Judging by the conversations in the breaks at the AIST ASI conference, these were the three sessions that stimulated delegates the most.


Greater information will lead to the end of traditional asset allocation buckets

In one of the standout presentations from the conference Jai Jacob, managing director and portfolio manager at Lazard Asset Management persuasively explained to delegates how the funds management industry was going to be disrupted by greater access to information on individual securities.

Drawing parallels with how the internet had created greater freedom in how people access information, he predicted a growing willingness for managers to think beyond narrow asset class boundaries, thereby challenging traditional investor portfolios.

Much of this would come from greater use of factor based analysis of investments.

Resisting this trend would limit returns, “the more you insist on categorisation, the more you constrain investors,” Jacob said.


Alternative assets are now mainstream assets

Investors’ perceptions of alternative assets as a unique and separate asset class with different rules was challenged by Kerry Craig, global strategist, J.P. Morgan.

He reported how his clients were increasingly incorporating alternatives into traditional assets strategies around equity and fixed income portfolios, particularly for private credit and private equity.

“Private equity is not an alternative, it is a way of getting equity premium,” he said.

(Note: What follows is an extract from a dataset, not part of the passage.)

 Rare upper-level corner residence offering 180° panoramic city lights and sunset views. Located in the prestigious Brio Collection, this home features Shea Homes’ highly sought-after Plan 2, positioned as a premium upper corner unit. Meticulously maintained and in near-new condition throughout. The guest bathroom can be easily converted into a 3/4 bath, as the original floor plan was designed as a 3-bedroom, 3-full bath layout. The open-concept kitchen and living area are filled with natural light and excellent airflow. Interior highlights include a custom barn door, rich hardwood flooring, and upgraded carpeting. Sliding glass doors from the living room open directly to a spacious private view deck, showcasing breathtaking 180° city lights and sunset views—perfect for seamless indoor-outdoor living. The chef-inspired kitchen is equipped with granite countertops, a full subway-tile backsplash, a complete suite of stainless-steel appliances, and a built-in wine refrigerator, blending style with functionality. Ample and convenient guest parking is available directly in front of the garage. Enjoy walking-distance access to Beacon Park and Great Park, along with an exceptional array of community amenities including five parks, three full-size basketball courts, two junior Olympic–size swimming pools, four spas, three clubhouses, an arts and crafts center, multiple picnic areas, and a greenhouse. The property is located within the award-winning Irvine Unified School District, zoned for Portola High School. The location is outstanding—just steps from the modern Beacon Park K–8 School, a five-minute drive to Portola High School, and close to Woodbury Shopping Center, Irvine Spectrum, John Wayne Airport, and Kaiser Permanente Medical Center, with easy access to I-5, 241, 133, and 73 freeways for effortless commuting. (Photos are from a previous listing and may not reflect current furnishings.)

This trend is being matched by fund managers creating more flexible mandates that met investors needs rather than strict asset allocation buckets. A chief executive of a mid-sized superannuation fund told Investment Magazine that they would go back to their team and ask for reporting to be re-thought along these lines.


Implementation can drive 50 per cent of returns

Around 50 per cent of the driver of returns for large European pension funds is now coming from effective implementation, revealed Amin Rajan, chief executive of CREATE-Research UK.

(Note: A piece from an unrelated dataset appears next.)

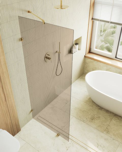 Стеклянная душевая перегородка "Коннектор стена-стекло" - это стильное и современное решение для организации пространства в вашей ванной комнате. Эта перегородка изготовлена из высококачественного закаленного стекла толщиной 8 мм, что обеспечивает прочность и долговечность конструкции. Одним из главных преимуществ этой перегородки являются коннекторы, которые надежно фиксируются и обеспечивают безопасность при принятии душа. Закаленное стекло , цвет бронза , толщина 8 мм , 1950*790-1 шт.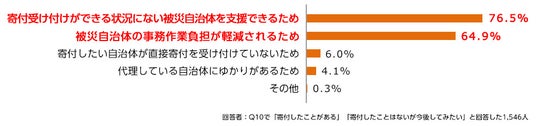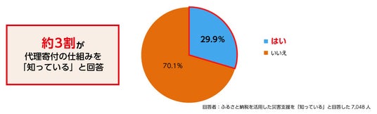 - 「代理寄付」の仕組みについて29.9%が知っていると回答。「代理寄付をしたことがある」または「今後してみたい」と回答した人へ理由を尋ねたところ、「寄付受け付けができる状況にない被災自治体を支援できるため(76.5%)」や「被災自治体の事務作業負担が軽減されるため(64.9%)」が多く、被災地の状況を思い、代理寄付に関心を寄せている人が多いことが分かりました。

The growing priority being given to reducing performance leakage was one of the standout messages from the swathe of statistics on European pension funds by Rajan.

He said that while funds used to see 80 per cent of their returns being driven by asset allocation and only 20 per cent from effective implementation, this was now more of a 50:50 split. He reasoned that Europe had gone down this route earlier, as it experienced a more severe squeeze on returns during the GFC, unlike Australia, which experienced a milder downturn but which was now facing a much gloomier return horizon.

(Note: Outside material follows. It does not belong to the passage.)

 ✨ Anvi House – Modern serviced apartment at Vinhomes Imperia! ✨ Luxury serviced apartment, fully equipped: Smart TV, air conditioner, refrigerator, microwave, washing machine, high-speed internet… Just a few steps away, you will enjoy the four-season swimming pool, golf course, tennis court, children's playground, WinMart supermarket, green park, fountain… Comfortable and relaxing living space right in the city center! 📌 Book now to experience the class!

Better implementation in Europe is being achieved by more delegated authority within funds, minimising fees and the use of smart beta or passive approaches where appropriate.

There was also a much greater engagement with funds managers, which Rajan said were joining funds in informal alliances for the exchange of ideas.

The extent to which such ideas did not yet tally with Australian funds was shown by a delegate poll at a subsequent session that found they believed 60 per cent of returns were generated from asset allocation, 14 per cent from implementation and 14 per cent from manager selection.